Exploring Execution Trace Analysis

Off-line dynamic trace analysis offers a number of advantages, which are illustrated in this blog post through several examples using internal tools we specially developed to automate trace collection and analysis.

Introduction

Dynamic program analysis consists in examining a program's behavior by processing information captured at execution time. Compared to static analysis, dynamic analysis unveils the actual behavior of a program and provides direct access to its execution flow and data. This is why dynamic analysis can be a powerful weapon when it comes to software reverse engineering (although it doesn't come without drawbacks).

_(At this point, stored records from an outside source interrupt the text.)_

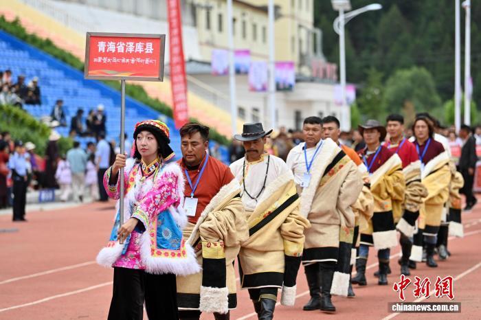 圖為青海省澤庫縣參賽代表隊(duì)入場。中新社記者 九美旦增 攝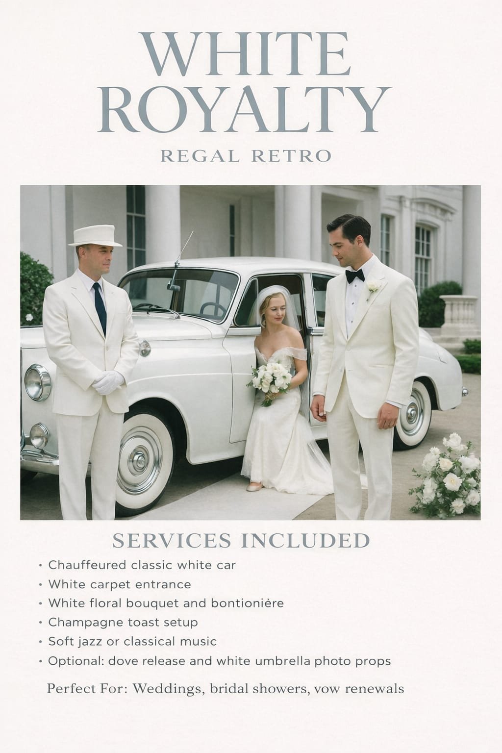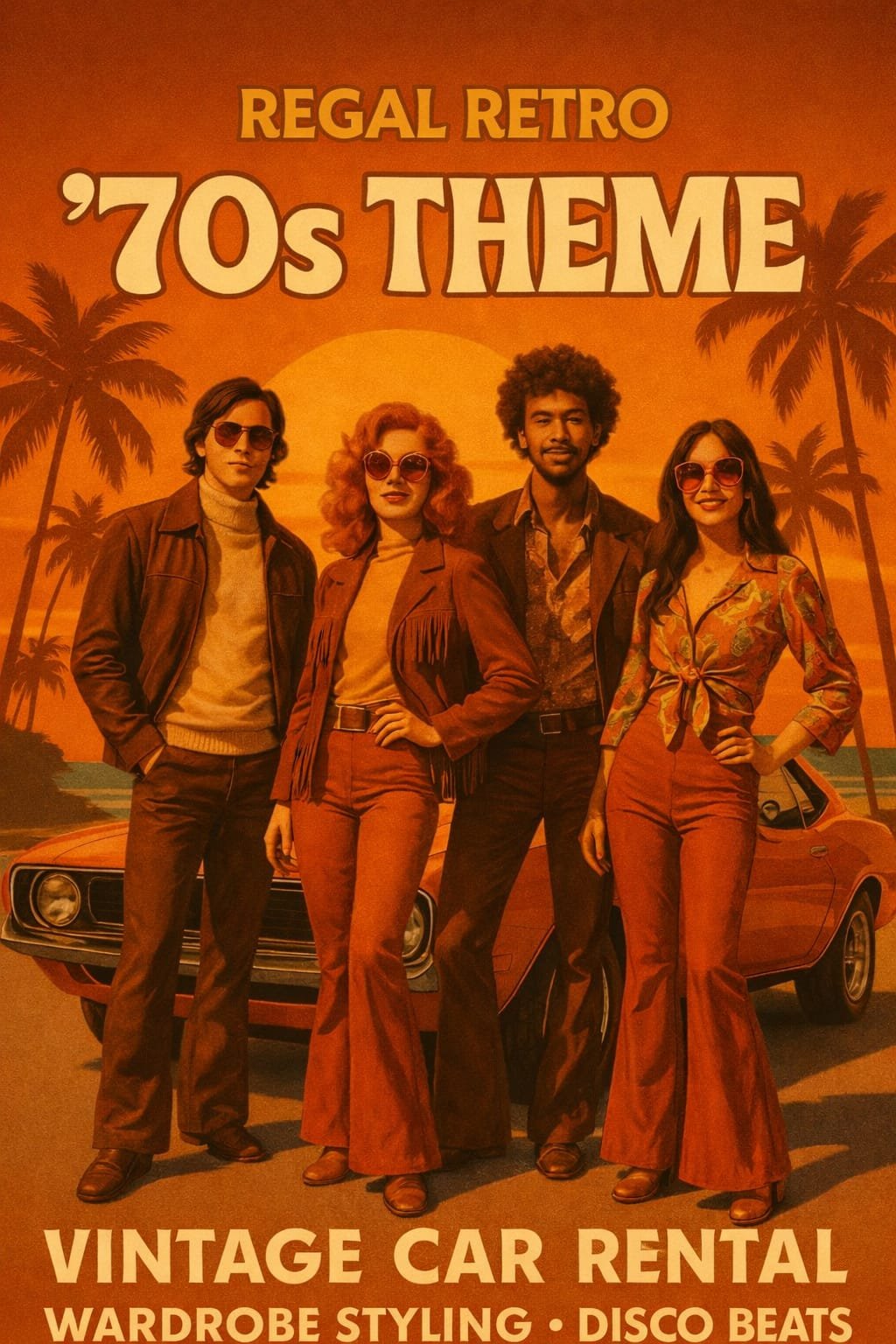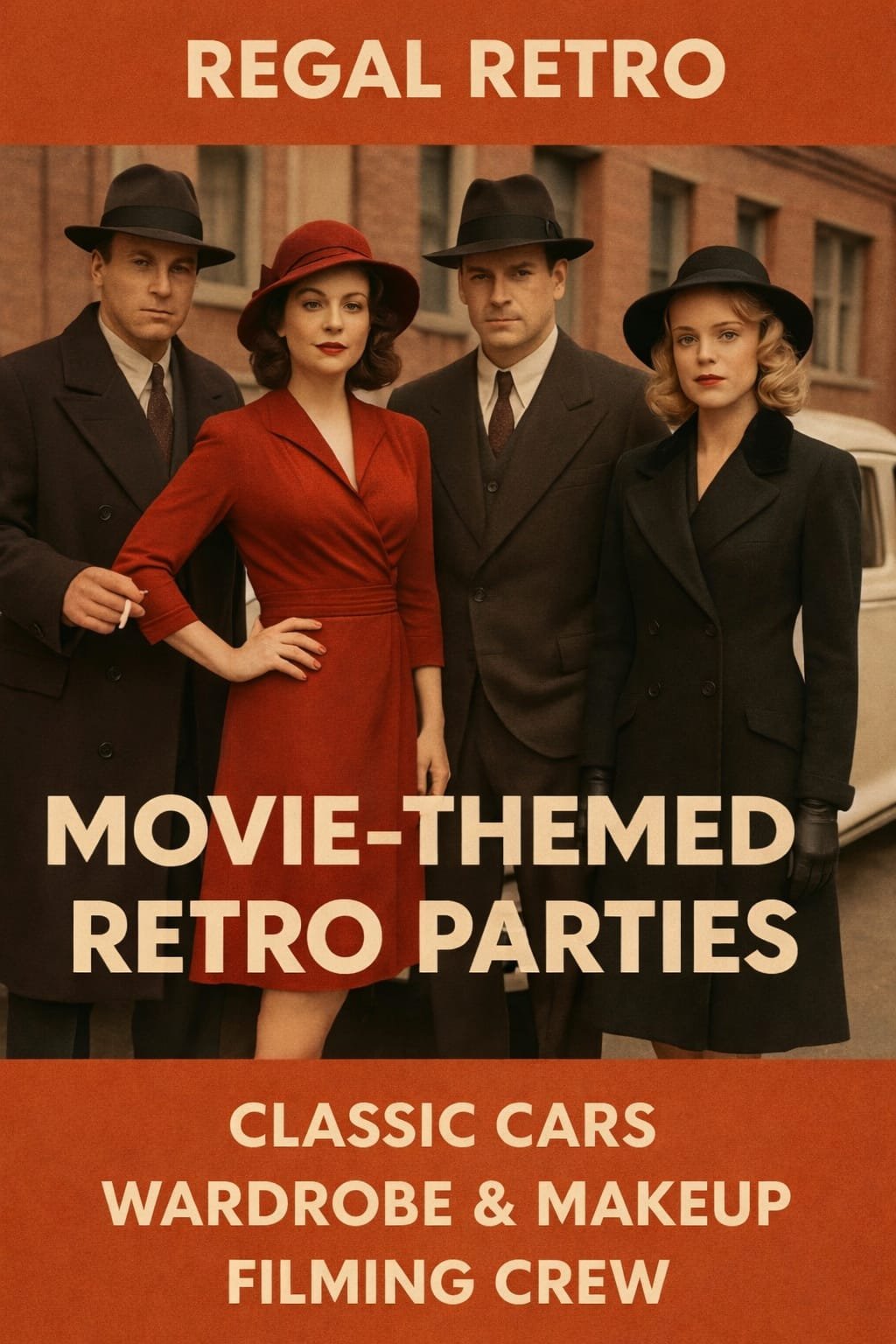 our event isn’t just another day — it’s a scene. From the moment our car pulls up, your guests are transported into the magic of another era. Whether it’s 1950s elegance, 1970s rebellion, or Mad Max–style chaos, Regal Retro turns any occasion into a cinematic experience.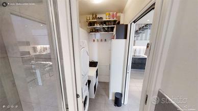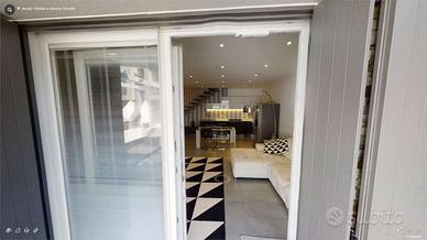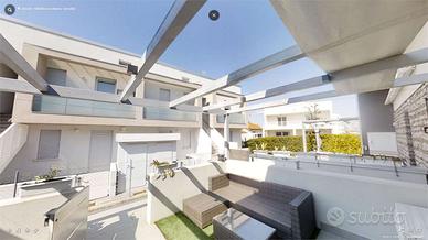 Proponiamo in vendita una prestigiosa porzione di villetta a schiera di recente costruzione. Situata vicino a tutti i servizi, nel contesto residenziale di Piazza Milano, a poche decine di metri dalla spiaggia, è una soluzione ottima sia per chi cerca una casa da vivere tutto l'anno, sia per chi sta cercando un appartamento estivo mantenendo tutte le comodità di casa propria. Dotata di ogni comfort e arredata con gusto, la villetta è distribuita su due livelli cosi composti: al piano terra troviamo un ampio e luminoso soggiorno con cucina a vista, disimpegno adibito a lavanderia e bagno. Una grande porta finestra conduce al giardino privato arredato per poter trascorrere piacevoli momenti in compagnia all'aria aperta. Al piano primo sono presenti due camere matrimoniali mansardate e un secondo bagno completo di box doccia. La soluzione proposta dispone di riscaldamento a pavimento, aria condizionata in tutti i piani, allarme perimetrale, volumetrico ed esterno giardino. Zanzariere, VELUX e oscuranti elettrici al piano di sopra. Struttura esterna con tenda elettrica e illuminazione compresa. Arredamento esterno e interno compresi nel prezzo. Completa l'offerta un garage di pertinenza. Per informazioni e visite contattare: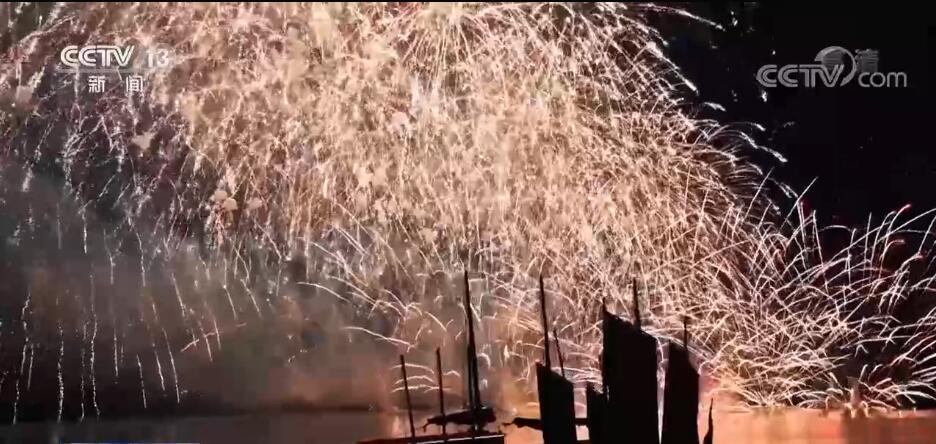 现场燃放的烟火更增添了节日的喜庆气氛,流光溢彩的烟花在夜空中绽放,映衬出一片古城月下人团圆的美好景象。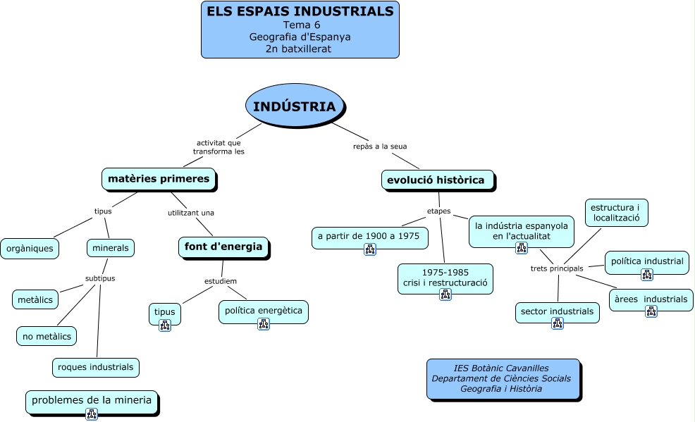Aquest mapa conceptual conté informació relacionada amb: tema6geogr1, la indústria espanyola en l'actualitat trets principals estructura i localització, font d'energia estudiem tipus, evolució històrica etapes 1975-1985 crisi i restructuració, minerals subtipus no metàlics, la indústria espanyola en l'actualitat trets principals sector industrials, evolució històrica etapes a partir de 1900 a 1975, matèries primeres tipus orgàniques, INDÚSTRIA repàs a la seua evolució històrica, font d'energia estudiem política energètica, matèries primeres utilitzant una font d'energia, minerals subtipus roques industrials, matèries primeres tipus minerals, minerals subtipus metàlics, la indústria espanyola en l'actualitat trets principals àrees industrials, INDÚSTRIA activitat que transforma les matèries primeres, la indústria espanyola en l'actualitat trets principals política industrial, evolució històrica etapes la indústria espanyola en l'actualitat

Several dynamic analysis techniques involve program tracing followed by a trace analysis step.

In the case of on-line trace analysis, the information recorded is consumed right away (i.e. during execution), whereas in off-line analysis the execution trace is stored for later use.

In this article we briefly illustrate the advantages of off-line trace processing and present an internal tool for trace collection and analysis. Our tool is still experimental and therefore not yet ready to be published, we don't exclude however the possibility of a public release in the foreseeable future.

On-line vs off-line analysis

As briefly mentioned above, the workflow of tools using on-line trace analysis involves sending information collected at run-time directly to the analysis routine. The analysis routine will, in turn, consume the collected data as it arrives. In other words, the collector and the consumer run concurrently or are context-switched frequently. This is exactly what tools like Valgrind's memcheck [1] and ASAN [2] do.

In contrast, with off-line analysis, all information is stored in a file that is later loaded and consumed by the analysis routine.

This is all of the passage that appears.